**Exercise:** Please copy the records below word for word, leaving out the pictures.

┌─ Material for this task

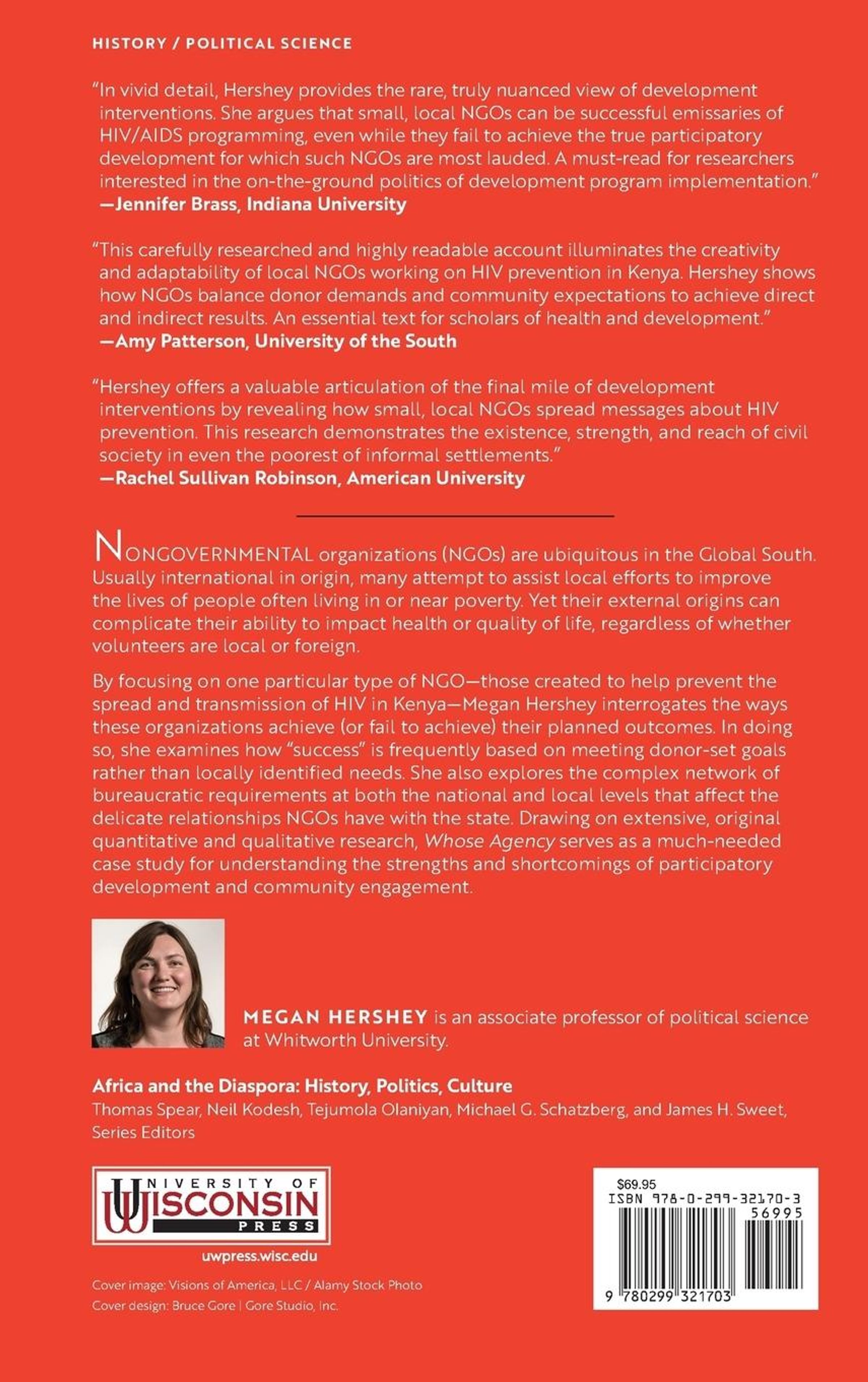 By focusing on one particular type of NGO---those organized to help prevent the spread and transmission of HIV in Kenya---Megan Hershey interrogates the ways these organizations achieve (or fail to achieve) their planned outcomes. Along the way, she examines the slippery slope that is often used to define "success" based on meeting donor-set goals versus locally identified needs. She also explores the complex network of bureaucratic requirements at both the national and local levels that affect the delicate relationships NGOs have with the state. Drawing on extensive, original quantitative and qualitative research, Whose Agency serves as a much-needed case study for understanding the strengths and shortcomings of participatory development and community engagement.
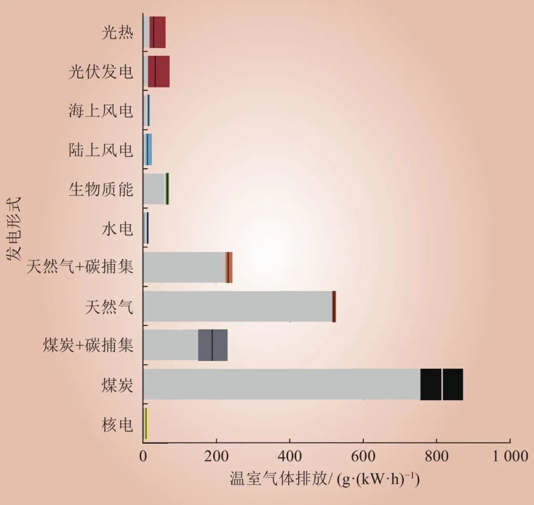 圖1 各類電力全壽期溫室氣體排放(CO2當(dāng)量)
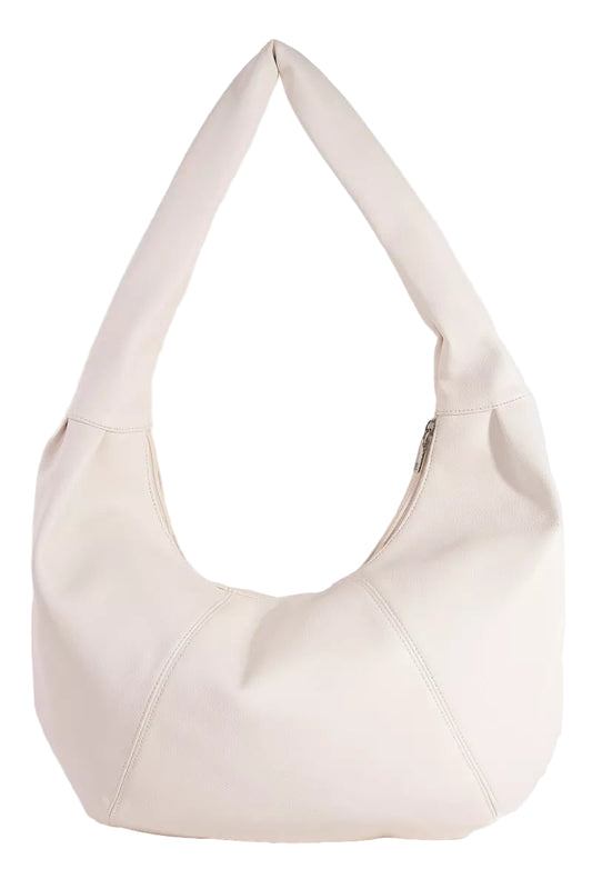 Luxe Panel Stitch Crescent Shoulder Bag | Faux Leather Handbag
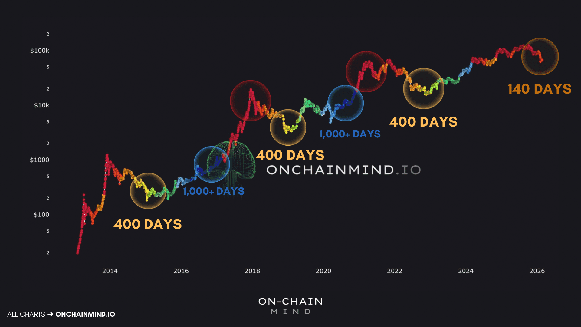 Historically, major cyclical bottoms have often formed around 400 days after the previous all-time high. In some cycles, it has taken over 1,000 days just to reclaim prior peaks.
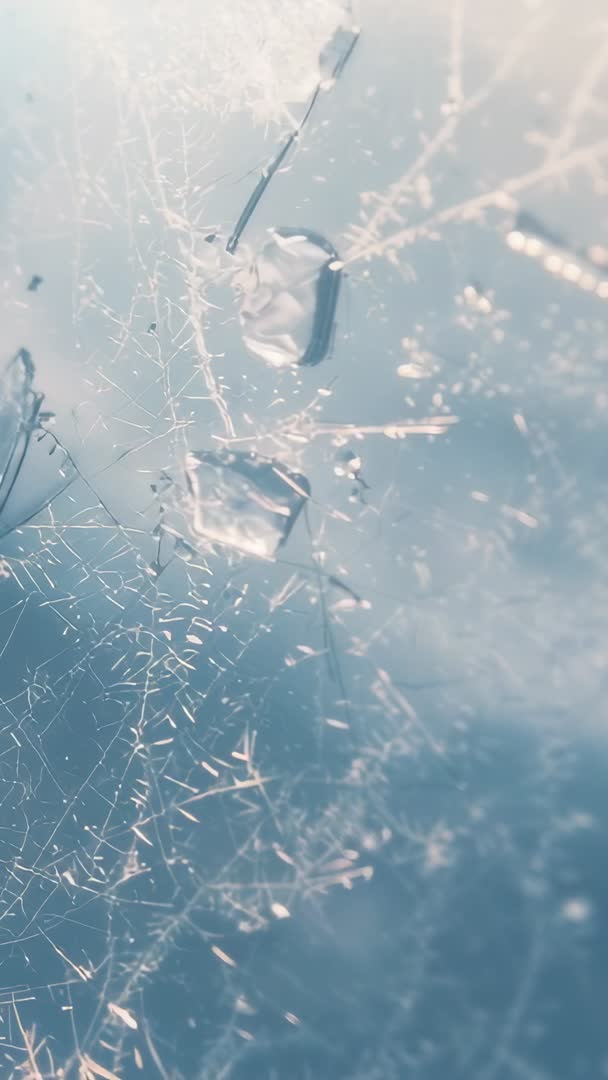AI Generated Image. Tilting camera revealing radial crack network across glass pane while two chips and scattered shards drifting through shallow depth of field against soft gray sky. Featuring cool blue-gray palette, delicate microcracks, sparkling highlights and subtle bokeh for moody, cinematic atmosphere. Vertical video orientation and smooth camera movement making footage ideal for mobile-first projects, reels and portrait advertisements. Use for title sequences, cinematic transitions, risk and safety campaigns, insurance and repair commercials, news or editorial segments about vandalism or storm damage, product promos for screen protectors or glass manufacturers, and abstract art or background overlays. Combine with text overlays, slow-motion audio cues or color grading to amplify tension, fragility or minimalist aesthetic.
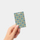 Ein faszinierendes Zusammenspiel von blauen und orangefarbenen Motiven, ergänzt durch subtile gelbe und braune Akzente, prägt dieses asymmetrische Textildesign. Die sorgfältige Farbgestaltung schafft ein Gefühl von Ausgeglichenheit und Harmonie, das es zu einer fesselnden Ergänzung zu jedem Raum macht.
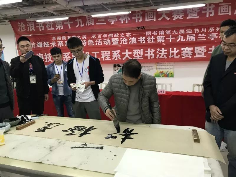 3月30號上午,航海技術系組織全系師生及書法愛好者開展了“享閱讀書香之美,承百年船政之志”——圖書館第九屆讀書月系列活動之航海技術系系部特色活動暨滄浪書社第十九屆蘭亭杯書法展印展及書法大賽?;顒釉趫D書館一樓自習室舉辦。本次活動邀請了輪機工程系主任陳清彬老師、林祥庚老師、航海技術系團總支林杰老師及后勤處老師謝小煌。
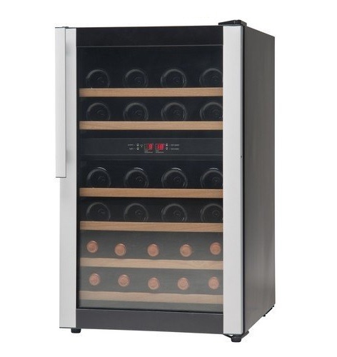 Vinotéka - určeno pro prezentaci vína, vhodné pro všechny gastronomické provozy. Ventilované chlazení, automatické odtávání, digitální termostat, kouřové sklo dveří, 3 police, LED osvětlení vnitřního prostoru, vnitřní prostor – kamenná čerň, nastavitelné nožky, kolečka pro snadnou manipulaci, lze měnit otevírání dveří. Teplota dolní části +10 až +18, v dolní části +5 až +10.
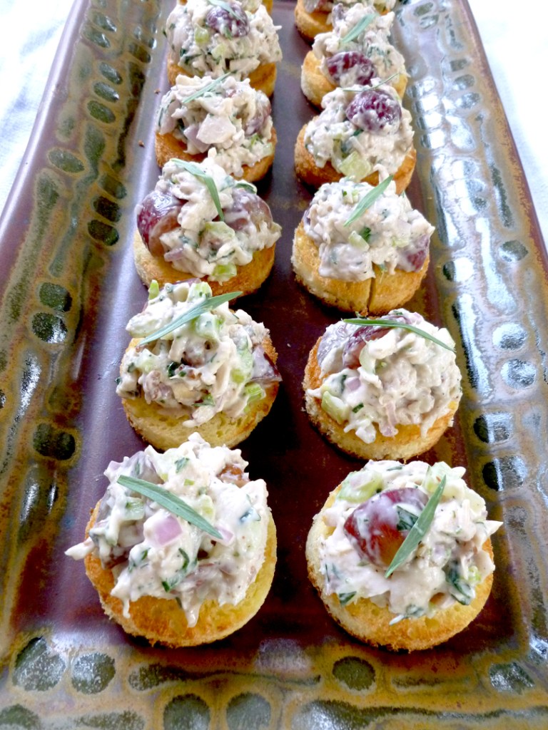Chickensalad1 Published September 26, 2012 at 810 × 1080 in Encore! (More party recipes!) Tarragon Pecan Chicken Salad on Brioche Crostini…need I say more? But I will!
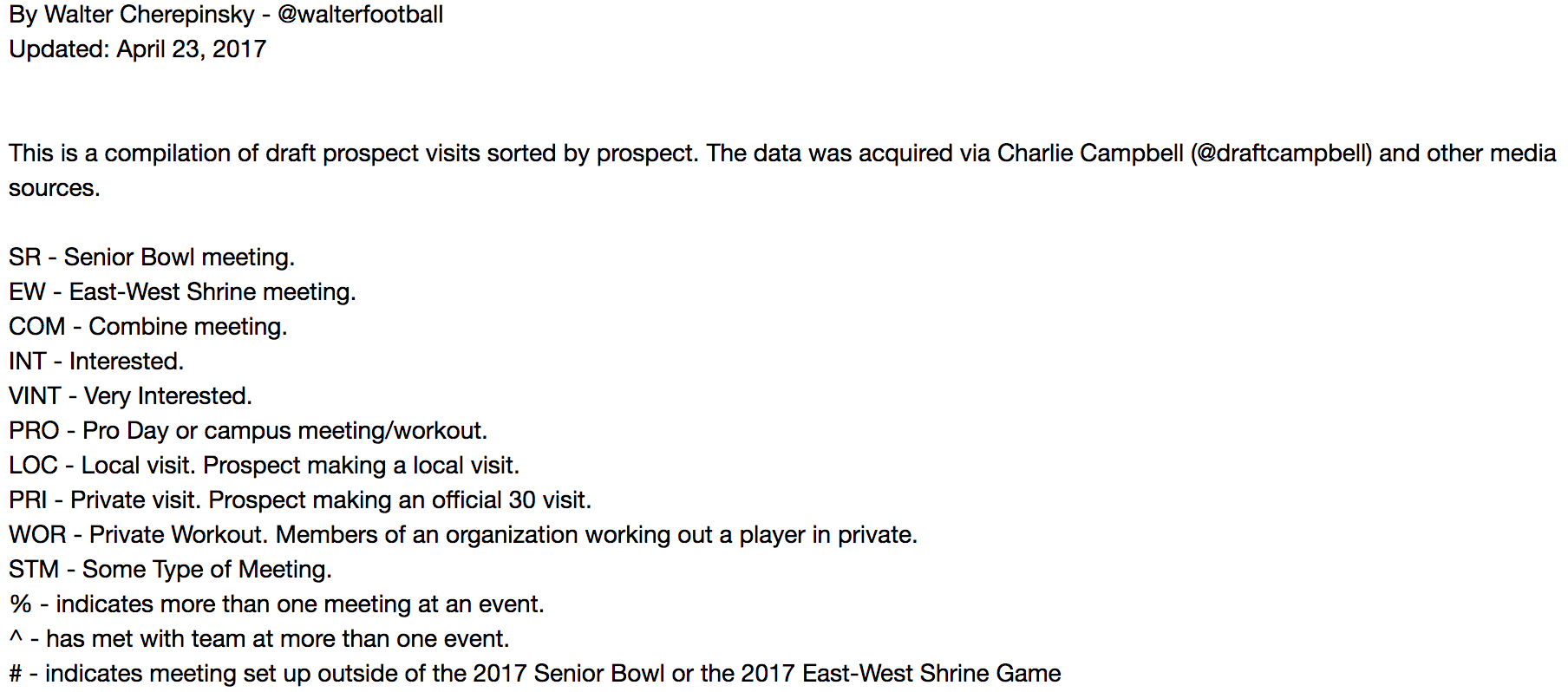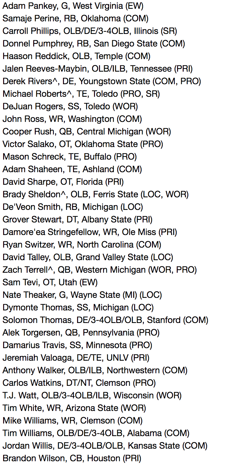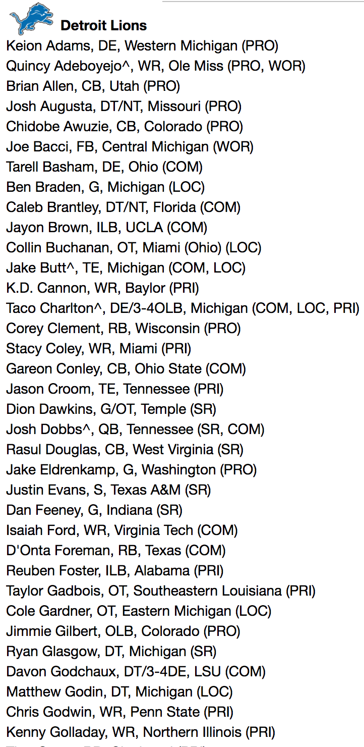 To give you and idea of who the Lions have met with during this pre-draft process, this tracker from Walter Football is very helpful.
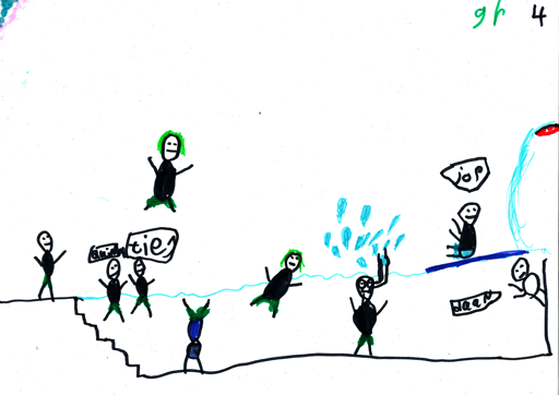 Na de ochtendgymnastiek waren de kinderen fit genoeg om later te kunnen zwemmen. Na het ontbijt en het opruimen van de spullen zijn we groepje voor groepje naar de Brink gelopen waar we lekker even zijn wezen zwemmen. Ties, Quinn, Job en Daan K hebben gespeeld dat ze in een boot aan het varen waren. Daan bestuurde de boot en de andere 3 jongens speelde zeemonsters. Ook dit jaar gingen de kinderen weer veel van de glijbaan. De groepjes werden omgeroepen als ze zich moesten omkleden. Ze kregen voor het omkleden nog een glaasje ranja en een snoepje.

└─

**Output below:**
 By focusing on one particular type of NGO---those organized to help prevent the spread and transmission of HIV in Kenya---Megan Hershey interrogates the ways these organizations achieve (or fail to achieve) their planned outcomes. Along the way, she examines the slippery slope that is often used to define "success" based on meeting donor-set goals versus locally identified needs. She also explores the complex network of bureaucratic requirements at both the national and local levels that affect the delicate relationships NGOs have with the state. Drawing on extensive, original quantitative and qualitative research, Whose Agency serves as a much-needed case study for understanding the strengths and shortcomings of participatory development and community engagement.
 圖1 各類電力全壽期溫室氣體排放(CO2當(dāng)量)
 Luxe Panel Stitch Crescent Shoulder Bag | Faux Leather Handbag
 Historically, major cyclical bottoms have often formed around 400 days after the previous all-time high. In some cycles, it has taken over 1,000 days just to reclaim prior peaks.
AI Generated Image. Tilting camera revealing radial crack network across glass pane while two chips and scattered shards drifting through shallow depth of field against soft gray sky. Featuring cool blue-gray palette, delicate microcracks, sparkling highlights and subtle bokeh for moody, cinematic atmosphere. Vertical video orientation and smooth camera movement making footage ideal for mobile-first projects, reels and portrait advertisements. Use for title sequences, cinematic transitions, risk and safety campaigns, insurance and repair commercials, news or editorial segments about vandalism or storm damage, product promos for screen protectors or glass manufacturers, and abstract art or background overlays. Combine with text overlays, slow-motion audio cues or color grading to amplify tension, fragility or minimalist aesthetic.
 Ein faszinierendes Zusammenspiel von blauen und orangefarbenen Motiven, ergänzt durch subtile gelbe und braune Akzente, prägt dieses asymmetrische Textildesign. Die sorgfältige Farbgestaltung schafft ein Gefühl von Ausgeglichenheit und Harmonie, das es zu einer fesselnden Ergänzung zu jedem Raum macht.
 3月30號上午,航海技術系組織全系師生及書法愛好者開展了“享閱讀書香之美,承百年船政之志”——圖書館第九屆讀書月系列活動之航海技術系系部特色活動暨滄浪書社第十九屆蘭亭杯書法展印展及書法大賽?;顒釉趫D書館一樓自習室舉辦。本次活動邀請了輪機工程系主任陳清彬老師、林祥庚老師、航海技術系團總支林杰老師及后勤處老師謝小煌。
 Vinotéka - určeno pro prezentaci vína, vhodné pro všechny gastronomické provozy. Ventilované chlazení, automatické odtávání, digitální termostat, kouřové sklo dveří, 3 police, LED osvětlení vnitřního prostoru, vnitřní prostor – kamenná čerň, nastavitelné nožky, kolečka pro snadnou manipulaci, lze měnit otevírání dveří. Teplota dolní části +10 až +18, v dolní části +5 až +10.
Chickensalad1 Published September 26, 2012 at 810 × 1080 in Encore! (More party recipes!) Tarragon Pecan Chicken Salad on Brioche Crostini…need I say more? But I will!
 To give you and idea of who the Lions have met with during this pre-draft process, this tracker from Walter Football is very helpful.
 Na de ochtendgymnastiek waren de kinderen fit genoeg om later te kunnen zwemmen. Na het ontbijt en het opruimen van de spullen zijn we groepje voor groepje naar de Brink gelopen waar we lekker even zijn wezen zwemmen. Ties, Quinn, Job en Daan K hebben gespeeld dat ze in een boot aan het varen waren. Daan bestuurde de boot en de andere 3 jongens speelde zeemonsters. Ook dit jaar gingen de kinderen weer veel van de glijbaan. De groepjes werden omgeroepen als ze zich moesten omkleden. Ze kregen voor het omkleden nog een glaasje ranja en een snoepje.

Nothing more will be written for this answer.